ILP is a form of insurance plan that combines wealth growth and insurance protection into a single policy. The insurance premium will be invested first in the funds chosen for wealth building.
1. High flexibility – We may alter the insurance coverage to meet our requirements at various times of life, as well as remove the account value for immediate cash or even stop paying the premium if we are having financial troubles.
2. Leverage your money — With an ILP, your money acts as a multitasker, assisting you in achieving numerous goals at once. “One dollar performing the job of many” allows us to stay on track in life and focus our work in the office before selecting whether money creation or wealth preservation is more essential to us.
3. Low insurance costs with more flexibility – An ILP’s insurance component works similarly to a term plan, but with more flexibility. When we are young, the cost of insurance is incredibly inexpensive, and we also have the opportunity to add or reduce coverage as we see fit.
4. Higher potential return with complete control over monies invested – In contrast to a participating plan (such as an endowment or whole life insurance), you will have complete control over your investment decisions in an ILP. It is entirely up to you whether you want to pursue an aggressive strategy for better long-term gain or protect your savings with a safer portfolio during difficult times to reduce losses.
The Bad Side Of ILP
1. Potentially high initial sales fee — ILP often imposes a high initial sales charge, making it inappropriate for investors with a short investment horizon since it may have a significant impact on your total return in the first few years. The longer we can keep an ILP invested, the less it will affect the overall performance of our portfolio.
2. High insurance costs as we become older — Insurance costs for ILPs may climb fast as we get older, putting us in the position of having to cut coverage when it is most needed. Due to the high insurance costs, this might result in little or no increase in the account value, despite a great investment return.

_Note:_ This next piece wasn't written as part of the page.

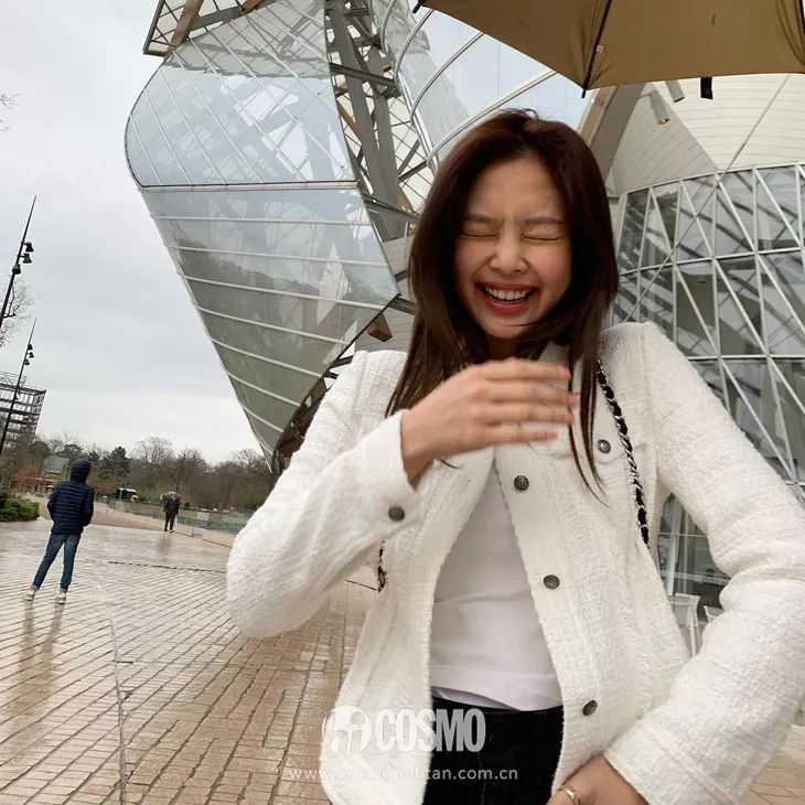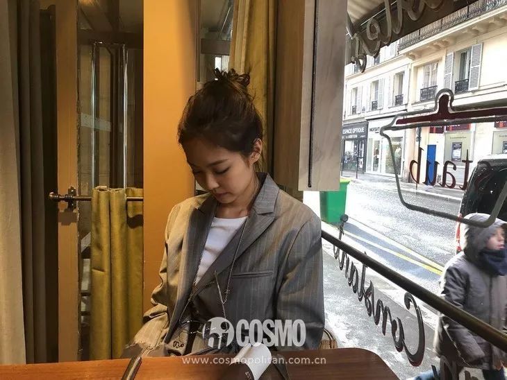 在看秀之前,Jennie就在Ins上晒了两组私服,这套西装造型蛮知性少女的感觉。灰色格纹内搭白色Tee,清新雅致。
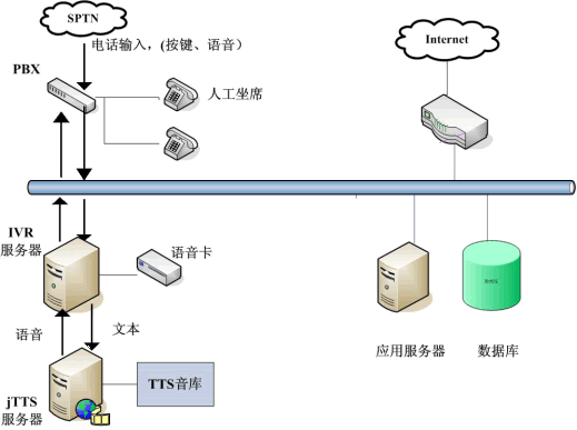 jTTS在12320中的應(yīng)用主要表現(xiàn)在查詢(xún)結(jié)果的語(yǔ)音返回和服務(wù)信息的發(fā)布上。只要將捷通TTS服務(wù)器集成到現(xiàn)有的IVR系統(tǒng)中,并且在IVR服務(wù)端設(shè)置好預(yù)讀出的文本即可。眾所周知,“12320”公益服務(wù)熱線(xiàn)需要提供海量關(guān)于我國(guó)公共衛(wèi)生相關(guān)法律法規(guī)、各種重大疾病的預(yù)防保健知識(shí)的宣傳和咨詢(xún)服務(wù),如果采用傳統(tǒng)人工座席或請(qǐng)專(zhuān)業(yè)播音人員錄音,費(fèi)時(shí)費(fèi)力,且投入較大。用語(yǔ)音合成技術(shù)(TTS)來(lái)解決,用戶(hù)提交查詢(xún)請(qǐng)求,IVR服務(wù)器收到請(qǐng)求后會(huì)向其他應(yīng)用服務(wù)器提交,當(dāng)IVR得到查詢(xún)結(jié)果后,將文本形式的查詢(xún)結(jié)果交給jTTS服務(wù)器,jTTS服務(wù)器返回查詢(xún)結(jié)果的語(yǔ)音形式,最終語(yǔ)音在坐席上播放,用戶(hù)就可以聽(tīng)到所要查詢(xún)的信息(如圖)。這樣市民可以24小時(shí)撥打熱線(xiàn),查詢(xún)各方面的內(nèi)容,不受時(shí)間限制,既節(jié)約政府開(kāi)支,為民辦實(shí)事,而且在最大程度上提高了辦事效率,樹(shù)立了良好的政府形象。

3. No downside protection for policy returns — Because we have complete control over the investing sub-funds, we are exposed to the whole investment risk, with no guaranteed returns or downside protection. As a result, we are solely responsible for the portfolio’s performance and sub-fund selection. A badly managed investment portfolio might have a significant negative impact on our financial situation in the long term.
4. Limited fund selection – Unlike local fund houses or brokerage firms, which may easily provide hundreds or thousands of fund options, an ILP’s fund selection is often limited to fewer than 50 unit-trusts.
5. Early partial withdrawal costs — Withdrawing or surrendering an ILP during the first few years of its birth is normally either prohibited or subject to a pre-determined rate. This is comparable to participating plans (savings or whole life), where the surrender value is exceptionally low in the first few policy years.